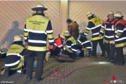 Das Tor stoppte dabei allerdings nicht und klemmte dadurch das Bein zwischen einer Säule und dem Garagentor ein. Einsatzkräfte der Feuerwehr setzten zur Entlastung zu erst einen Holzkeil ein und drückten anschließend mit Hebekissen das Garagentor zur Seite, um den Eingeklemmten zur befreien. Die Besatzung eines Notarztwagens sowie eines Rettungswagens der Berufsfeuerwehr versorgten den Verunfallten an der Einsatzstelle und transportierten ihn anschließend in eine Münchner Klinik zur weiteren Behandlung.
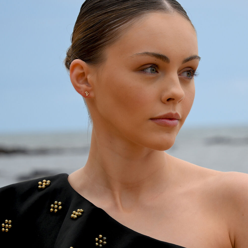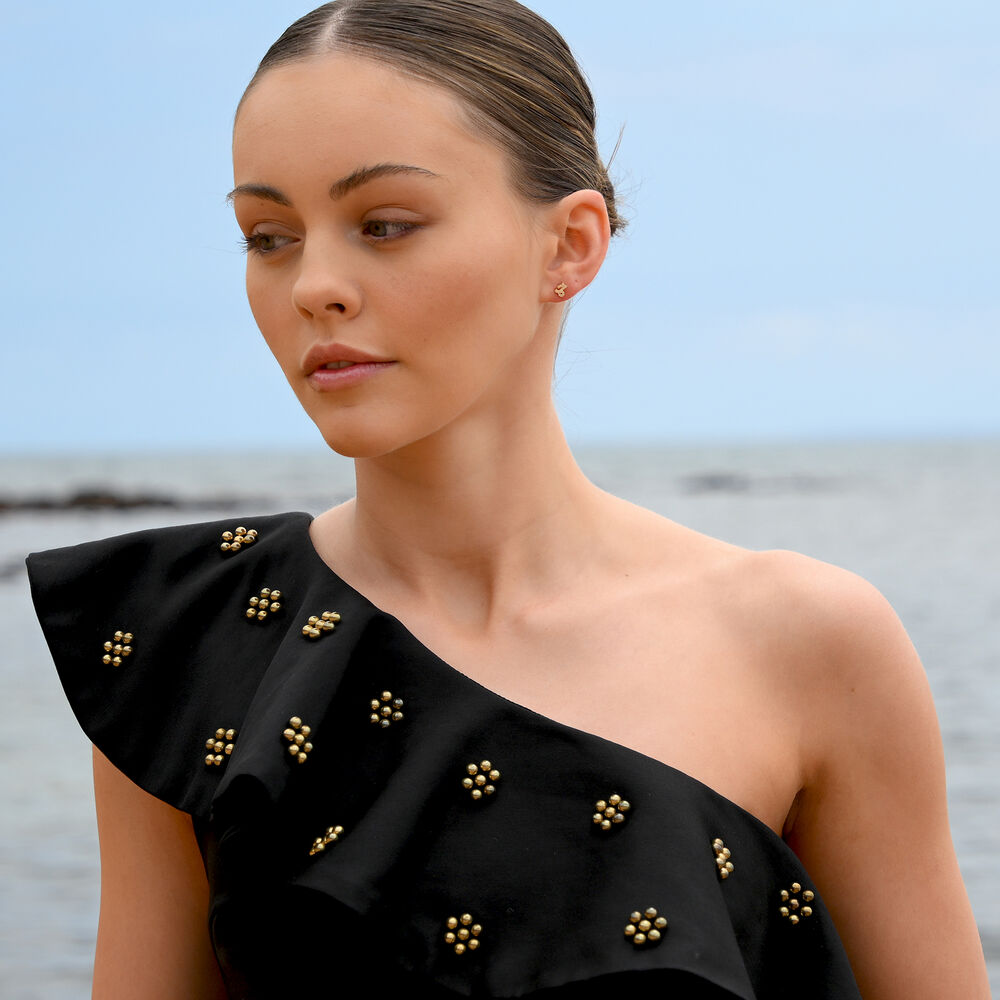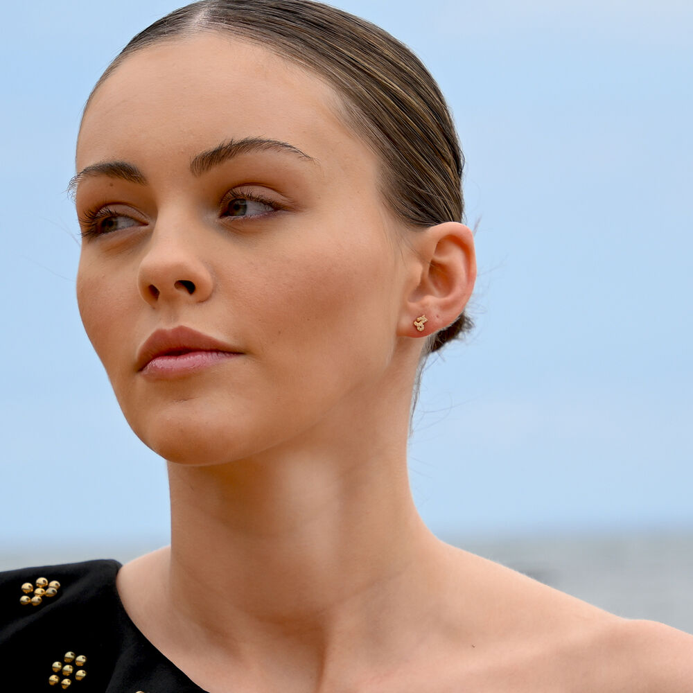 Capricorn Artisan Zirconia Pavé Stud Earrings (Gold)
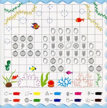 Видання «Мавпеня» із серії «Збери мозаїку» допоможе дітям весело, творчо та з користю провести час! У книжці 660 наліпок-квадратиків, за допомогою яких можна зібрати 9 різних об’єктів за підказками. Для цього малечі потрібно зіставити зображення фруктів на схемі з кольорами наліпок, вибрати потрібні наліпки та наклеїти їх у відповідні місця. Зібравши мозаїки, дитина креативно доповнить картинки, навівши по пунктиру та розфарбувавши окремі елементи. Готові мозаїки стануть чудовим подарунком для рідних і друзів або яскравою прикрасою кімнати. Робота з книжкою допоможе дитині розвинути творчі здібності, дрібну моторику, посидючість, увагу й акуратність.
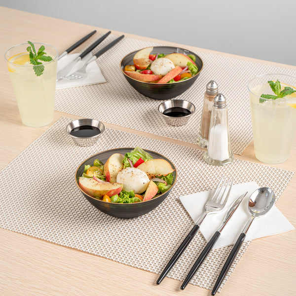 Effortlessly elevate any event with disposable bowls that combine convenience and elegance. Moderna Black Plastic Disposable Bowls with a Gold Rim offer a disposable design that ensures quick and efficient cleanup, saving you valuable time after your gatherings. These black plastic bowls feature a striking gold rim that enhances the presentation of any dish, providing an elegant touch to your tablescapes for weddings, parties, and catered events. With dimensions of 5.6 inches by 5.6 inches by 2 inches, these bowls are ideal for serving a variety of dishes in style. They are both durable and safe, making them perfect for foodservice professionals seeking reliable party serving bowls. Whether for family gatherings or holiday celebrations, these bowls are suitable for all occasions, ensuring a seamless dining experience. Each order includes 20 Moderna Black Plastic Disposable Bowls with a Gold Rim.

☆ ☆ ☆ ☆

What you are asked to do: Please make an exact copy of the whole listing and leave out its pictures.

Finished exercise:
 Das Tor stoppte dabei allerdings nicht und klemmte dadurch das Bein zwischen einer Säule und dem Garagentor ein. Einsatzkräfte der Feuerwehr setzten zur Entlastung zu erst einen Holzkeil ein und drückten anschließend mit Hebekissen das Garagentor zur Seite, um den Eingeklemmten zur befreien. Die Besatzung eines Notarztwagens sowie eines Rettungswagens der Berufsfeuerwehr versorgten den Verunfallten an der Einsatzstelle und transportierten ihn anschließend in eine Münchner Klinik zur weiteren Behandlung.
 Capricorn Artisan Zirconia Pavé Stud Earrings (Gold)
 Видання «Мавпеня» із серії «Збери мозаїку» допоможе дітям весело, творчо та з користю провести час! У книжці 660 наліпок-квадратиків, за допомогою яких можна зібрати 9 різних об’єктів за підказками. Для цього малечі потрібно зіставити зображення фруктів на схемі з кольорами наліпок, вибрати потрібні наліпки та наклеїти їх у відповідні місця. Зібравши мозаїки, дитина креативно доповнить картинки, навівши по пунктиру та розфарбувавши окремі елементи. Готові мозаїки стануть чудовим подарунком для рідних і друзів або яскравою прикрасою кімнати. Робота з книжкою допоможе дитині розвинути творчі здібності, дрібну моторику, посидючість, увагу й акуратність.
 Effortlessly elevate any event with disposable bowls that combine convenience and elegance. Moderna Black Plastic Disposable Bowls with a Gold Rim offer a disposable design that ensures quick and efficient cleanup, saving you valuable time after your gatherings. These black plastic bowls feature a striking gold rim that enhances the presentation of any dish, providing an elegant touch to your tablescapes for weddings, parties, and catered events. With dimensions of 5.6 inches by 5.6 inches by 2 inches, these bowls are ideal for serving a variety of dishes in style. They are both durable and safe, making them perfect for foodservice professionals seeking reliable party serving bowls. Whether for family gatherings or holiday celebrations, these bowls are suitable for all occasions, ensuring a seamless dining experience. Each order includes 20 Moderna Black Plastic Disposable Bowls with a Gold Rim.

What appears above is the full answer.